As a very wise man once said, insanity is defined as doing the same thing over and over again and expecting different results.

Does this not sum up the recruitment process?

How many of you recruit in the same way over and over again and complain that you cannot find the right people or that sourcing talent is an arduous process?

How many candidates look for roles and complain about how you are treated yet continue to look for new opportunities in exactly the same way?

 

 

 

 

I am deeply passionate about changing how we recruit and getting people to stop, think and take responsibility for their part in the recruitment process. 

That word “process” is key.  In most businesses, processes are analysed, understood and improved on a daily basis, yet for some reason, the recruitment process – which can be incredibly complex with lots of bottle necks and risk of failure – does not get the same treatment.

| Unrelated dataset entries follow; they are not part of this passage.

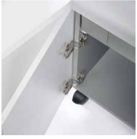
Wide opening door to easily empty the waste bag
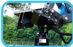
Mini excavator mounts available
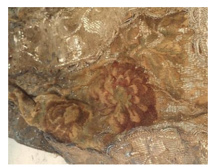
Fig.3. Silk thread fabric, Sacos.

The spectral analysis in the IR domain of the two textile samples taken in red and green was performed in order to know their nature.
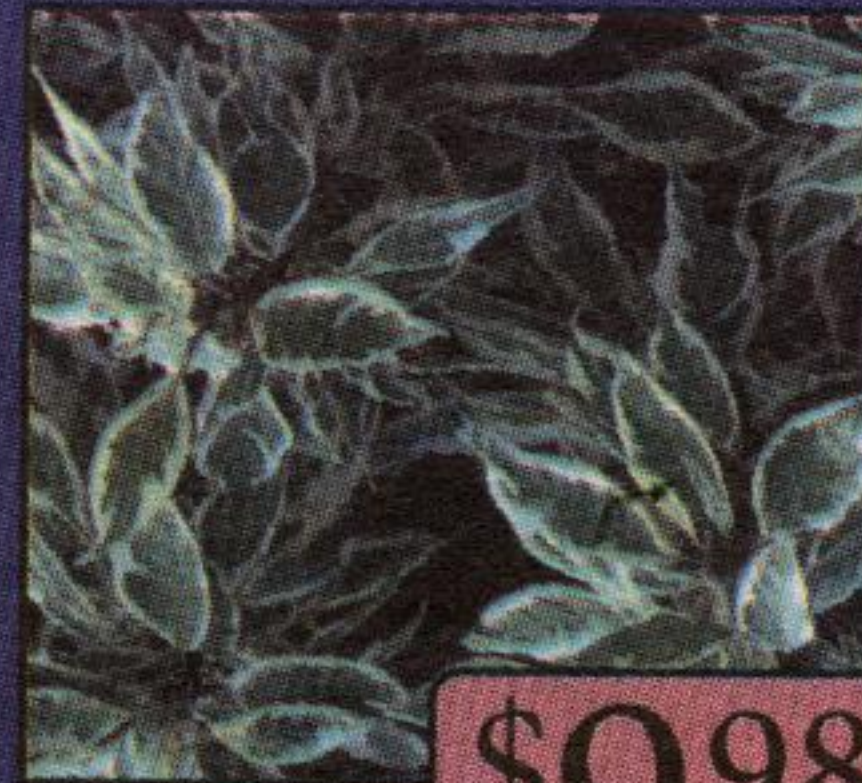
Ivory Halo Dogwood
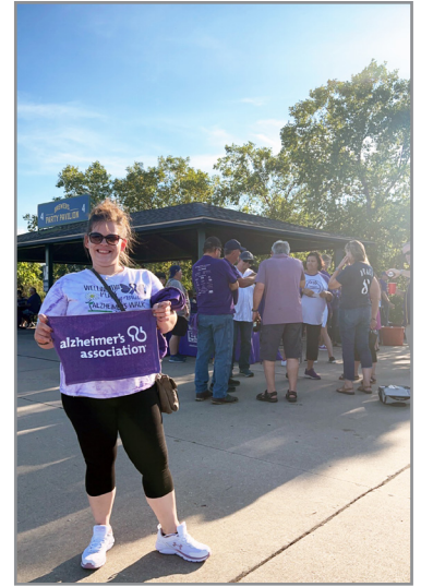
Walk to End Alzheimers 2022
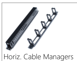
Horiz. Cable Managers
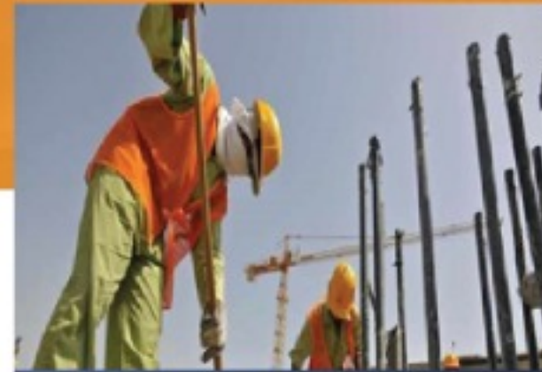
Project Name: Pioneer Company Name: kalba bridge Location: Sharjah i, UAE
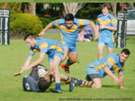
SOUTHERN RUGBY LEAGUE

P HOTOS FROM a game played at Invercargill on 13.05.17. Only one game down here this week.
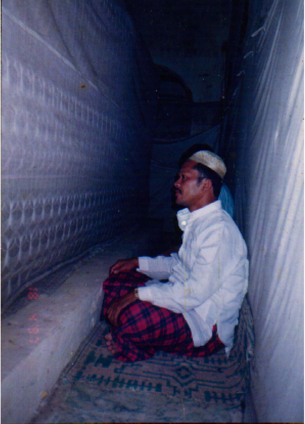
Figure 31 The custodian of Pamijahan
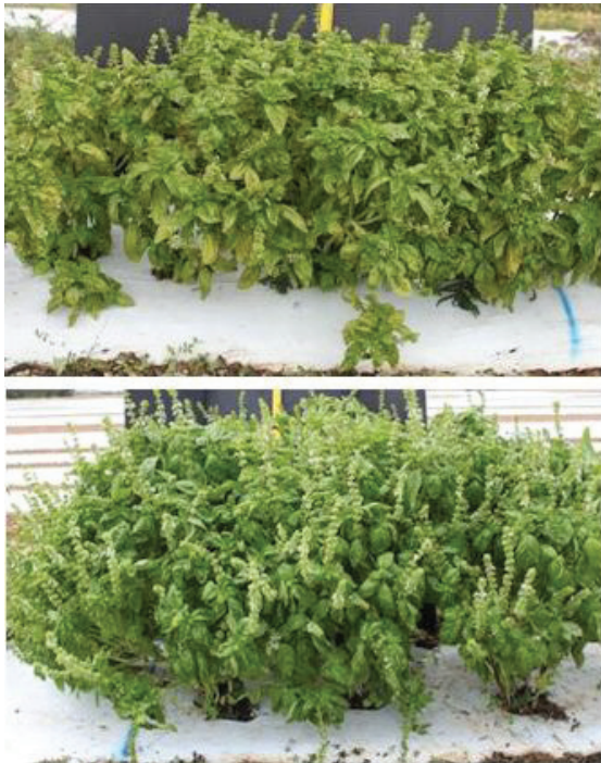
Figure 1. Symptoms of downy mildew on field-grown basil (top) compared with healthy basil plants (bottom).

leaf surface and chlorosis of the adaxial (upper) leaf surface make basil leaves unacceptable for the marketplace.

We need to take recruitment from a transactional to a strategic function.  We need to understand the different roles within our businesses and how there is a requirement to alter your recruitment process depending on the scope of the position and how available the talent is.

For candidates the biggest piece of advice I can give you is to take ownership of your job search.  I have noticed a huge rise in negative posts from candidates about recruitment companies and the hiring businesses where they attend interview.  The complaints are varied and many, and include issues such as a lack of feedback, recruiters sending your CV to places without your consent, applying for a job that you feel you are perfect for but never hearing back.  I am all too aware of the negativity surrounding my profession.  Part of the problem lies in the fact that any Tom, Dick or Harry can open a lap top and call themselves a recruitment company.  Contingency service allows poor quality.  That is a fact of life.  I believe that the recruitment industry should become regulated but until this happens, my advice to candidates would be to STOP what you are doing and take stock. 

  • Develop a strategy.
  • Do you research on recruitment companies before you let them have access to your CV.
  • Ask for recommendations from people you trust.
  • Select 2 or 3 recruiters to work with
  • Go and meet these recruiters so that you feel absolutely confident that you are happy to have them represent you, that they have an appropriate client base, and that you feel they fully understand who you are, what you do and how you do it, and obviously what your drivers are.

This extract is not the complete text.